Could the lines from the start of the data through the line with "Figure 2. Visualization" be set down exactly, with no pictures among them?

(Stored entries)
....
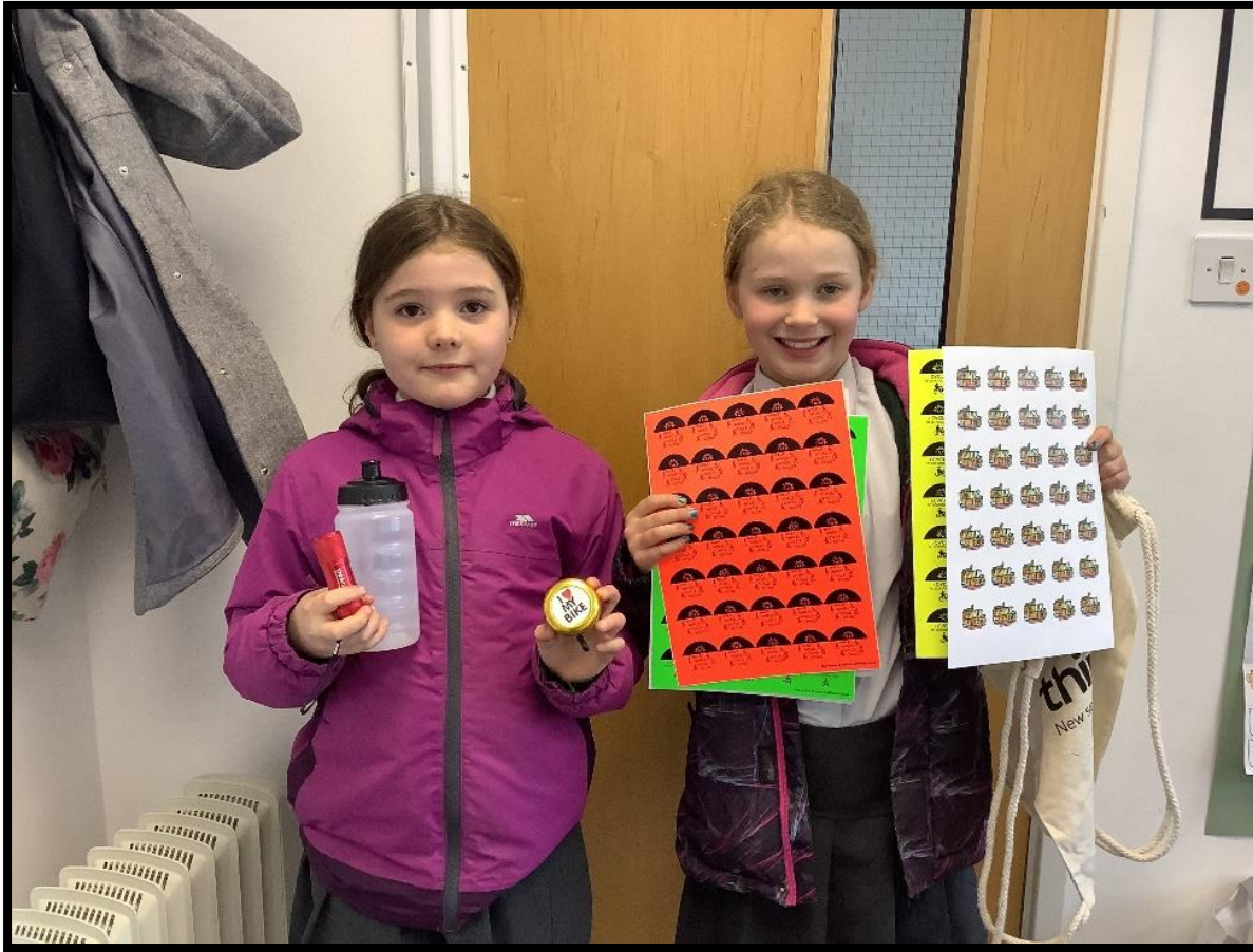
Entering the school into Sustran's Big Walk & Wheel Event and collecting up data.
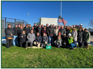
Topping off ceremony
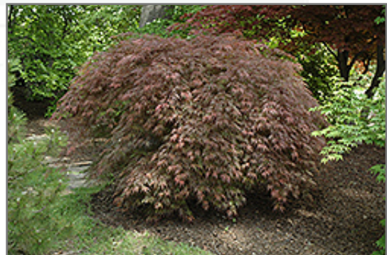
Inaba Shidare Cutleaf Japanese Maple
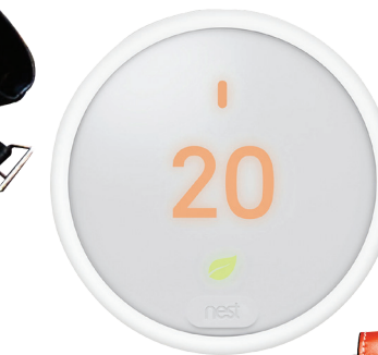
Control the temperature at home from work or while on vacation. Nest Smart Thermostat E, $230, indigo.ca
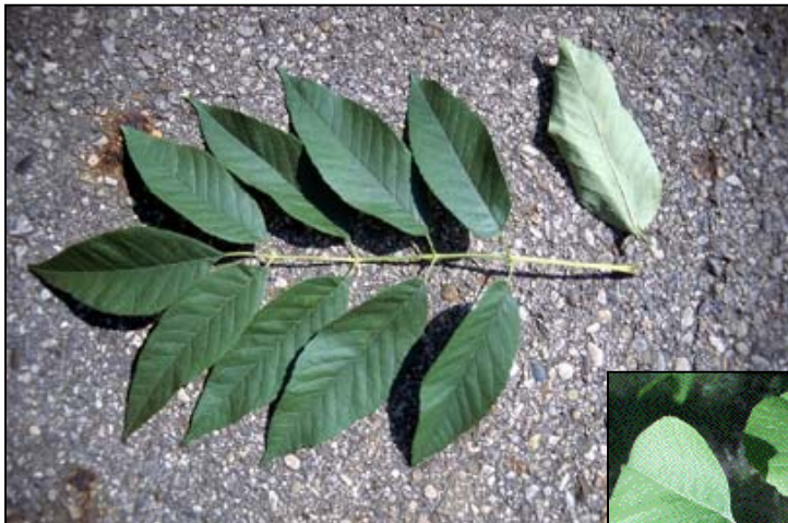
Compound and opposite
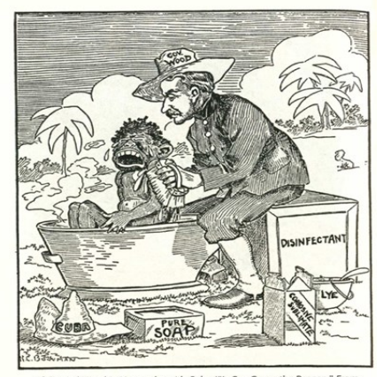
"If General Wood Is Unpopular with Cuba, We Can Guess the Reason." From Minneapolis Tribune (1901), reprinted in Literary Digest 22 (March 30, 1901).

the island, and left only when the new Cuban government acquiesced to mediated sovereignty. The U.S. justified these actions by spinning two myths: first, that the U.S. government intervened militarily only for humanitarian reasons, making it a benevolent world power, and, second, that the Cubans were unruly savages, which left them unfit for modern democratic governance.
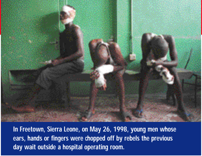
In Freetown, Sierra Leone, on May 26, 1998, young men whose ears, hands or fingers were chopped off by rebels the previous day wait outside a hospital operating room.
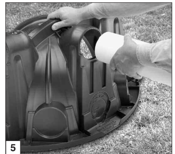
Insert inlet pipe.
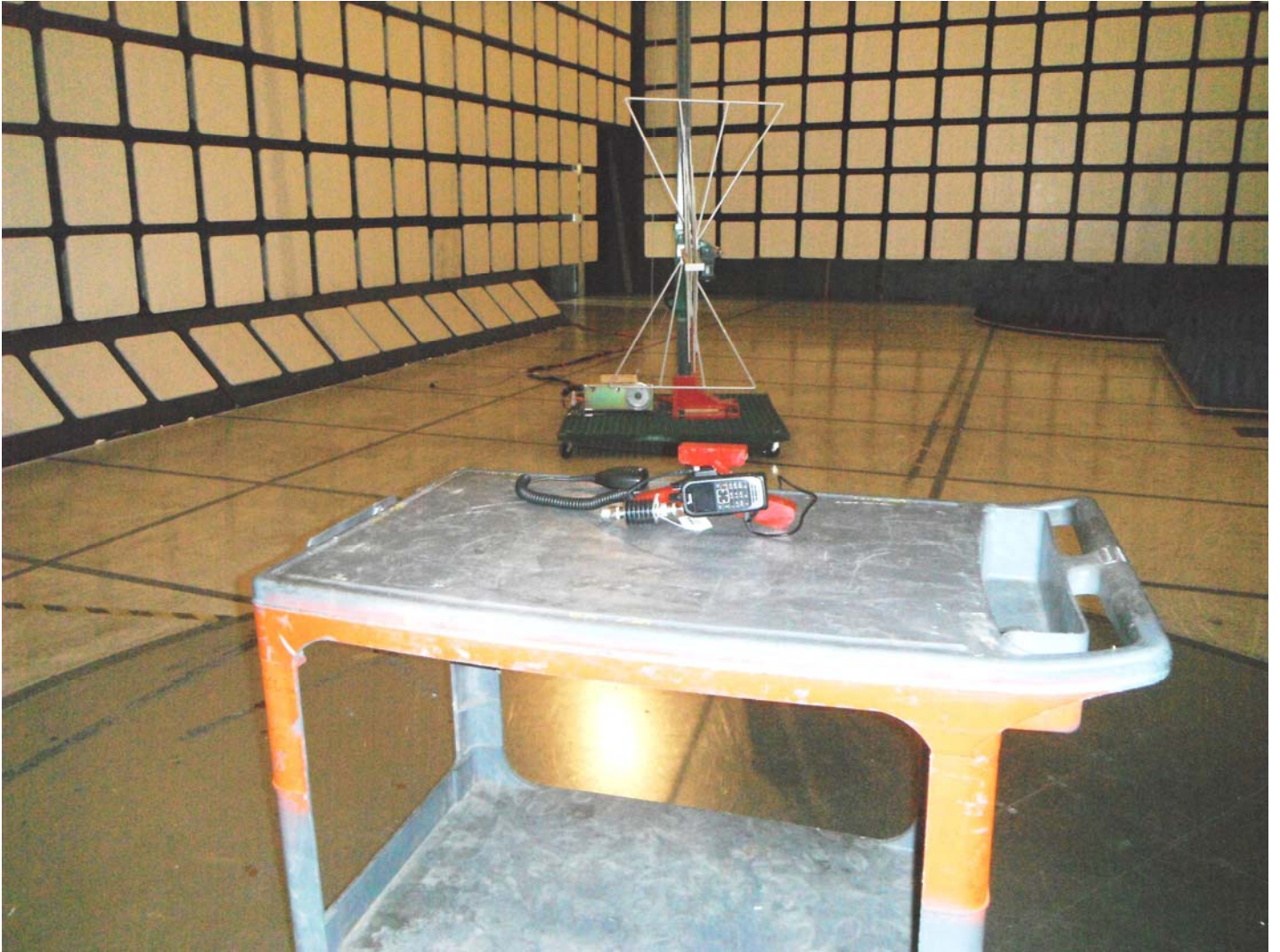
Plot #2: Tx Radiated Emission Test Setup

ICOM Incorporated UHF Transceiver, M/N: IC-F4400DT FCC ID: AFJ376701, IC: 202D-376701
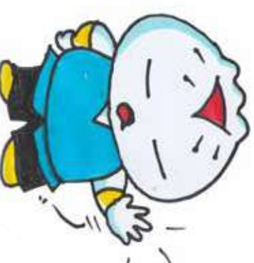
Reject 拒绝 | 拒絕 jùjué
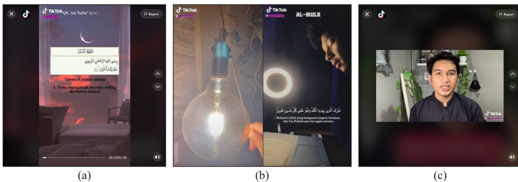
Figure 2. Visualization of al-Qur'an on TikTok: (a) SD1 model; (b) SD3 model; and (c) Sd4 model

Sub-theme 1: Providing Information on Ways to Read the Qur'an. The ways to read the Qur'an emphasize the rules of tajwid (the science of reading the Koran), such as makharij al-huruf (pronouncing letters) (SD5; SD6), reading law (SD5), waqaf (stop) signs (SD4), and analyzing the beginning of a letter ( al-ahruf al-muqatta'ah ) (SD3).
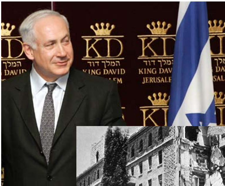
Benjamin Netanyahu, part of the Likud party grouping known as Jabotinsky's Princes, is running for the post of prime minister of Israel in the Feb. 10 elections. Here he is shown at the same King David Hotel in Jerusalem that Vladimir Ze'ev Jabotinsky's cohorts of the Irgun had bombed in 1946 (right).

The Jewish armed response was led by Jabotinsky, and a British-trained Zionist military force that had
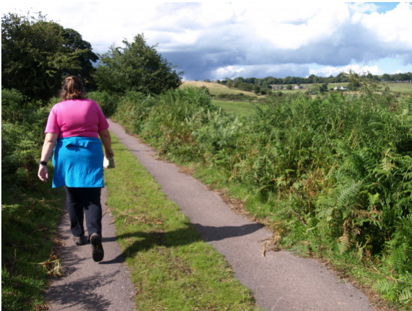
AN OPEN PART OF THE ROUTE

This walk explores a deep valley near Alton The Star Camping and Caravanning Club Site. The route is circular and has some steep ups and downs so wear good boots. The way is on paths, tracks, access tracks and lanes and these are well defined, although there is one section where the path is a bit vague. There is some thick forest walking and some great views as well so save the route for a sunny day of settled weather. If using a GPS the mileage will read 4.75 miles and the walk should take you about three hours at a steady pace. Take along Ordnance Survey map Explorer 259 - Derby, Uttoxeter, Ashbourne and Cheadle. In the forest section there are some fallen trees that have to be passed and if doing the walk in summer take a stick along as one or two of the paths get a bit overgrown.
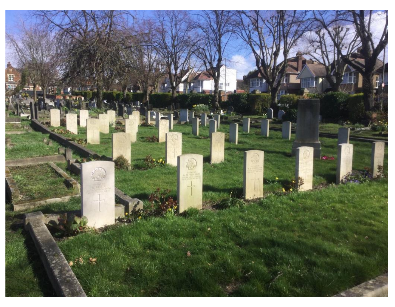
The Australian Plot in Wandsworth Cemetery, London
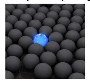
Figure 3: The Psychology of Being Unique

Principle 1: Expressing Your Uniqueness to Others - You want to express your thoughts, feelings, wants, and concerns to important people in your life. If you don't tell them, then they will have to guess, and they usually guess wrong. When they guess incorrectly, you get mad, hurt, anxious, etc.
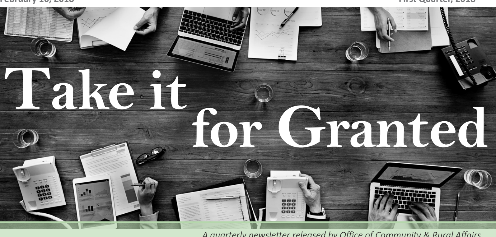
A quarterly newsletter released by Office of Community & Rural Affairs
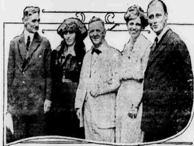
Left to right they are William G. McAdoo, Mrs. McAdoo, Secretary of the Navy Daniels, Mrs. Franklin D. Roosevelt and Franklin D. Roosevelt at their home in New York City, where the ex-assistant secretary of the navy was officially notified of his nomination for the vice presidency.
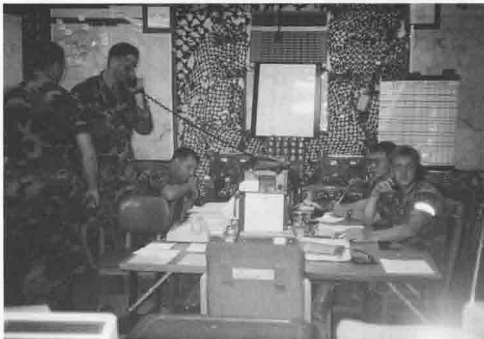
3RD BRIGADE OPERATIONS AND COMMUNITY SUPPORT IN COLON.
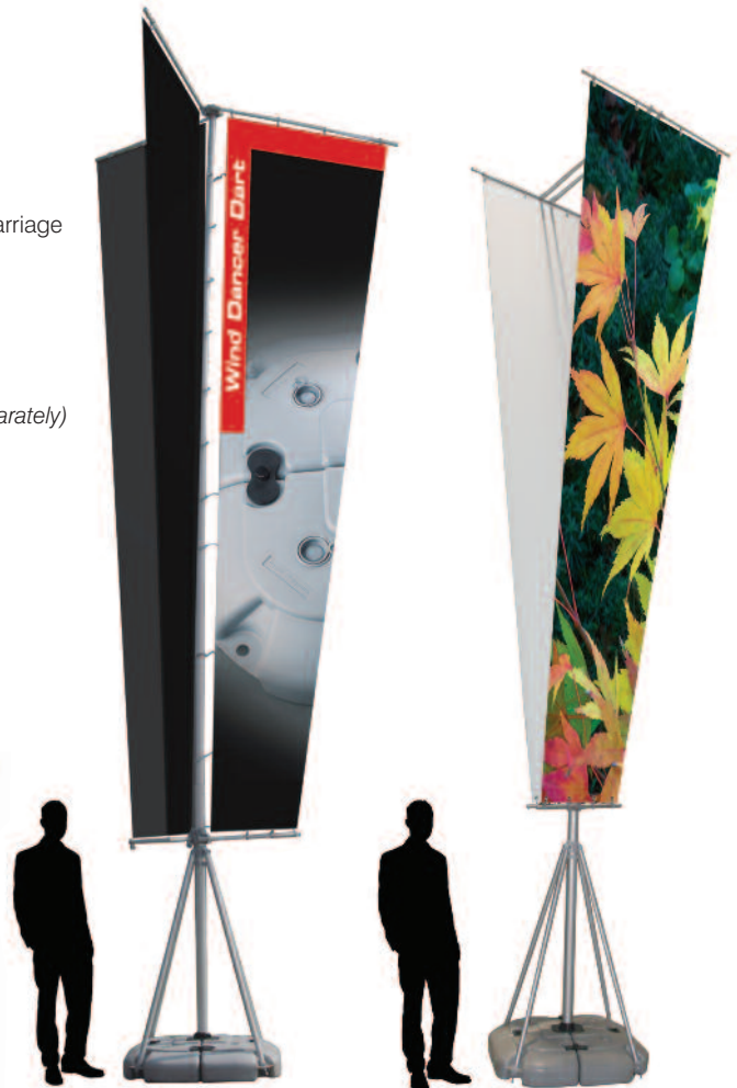
Wind Dancer Dart Conversion Kit UB713-C (indoor use only)
....
Response for this exercise –
Entering the school into Sustran's Big Walk & Wheel Event and collecting up data.
Topping off ceremony
Inaba Shidare Cutleaf Japanese Maple
Control the temperature at home from work or while on vacation. Nest Smart Thermostat E, $230, indigo.ca
Compound and opposite
"If General Wood Is Unpopular with Cuba, We Can Guess the Reason." From Minneapolis Tribune (1901), reprinted in Literary Digest 22 (March 30, 1901).

the island, and left only when the new Cuban government acquiesced to mediated sovereignty. The U.S. justified these actions by spinning two myths: first, that the U.S. government intervened militarily only for humanitarian reasons, making it a benevolent world power, and, second, that the Cubans were unruly savages, which left them unfit for modern democratic governance.
In Freetown, Sierra Leone, on May 26, 1998, young men whose ears, hands or fingers were chopped off by rebels the previous day wait outside a hospital operating room.
Insert inlet pipe.
Plot #2: Tx Radiated Emission Test Setup

ICOM Incorporated UHF Transceiver, M/N: IC-F4400DT FCC ID: AFJ376701, IC: 202D-376701
Reject 拒绝 | 拒絕 jùjué
Figure 2. Visualization of al-Qur'an on TikTok: (a) SD1 model; (b) SD3 model; and (c) Sd4 model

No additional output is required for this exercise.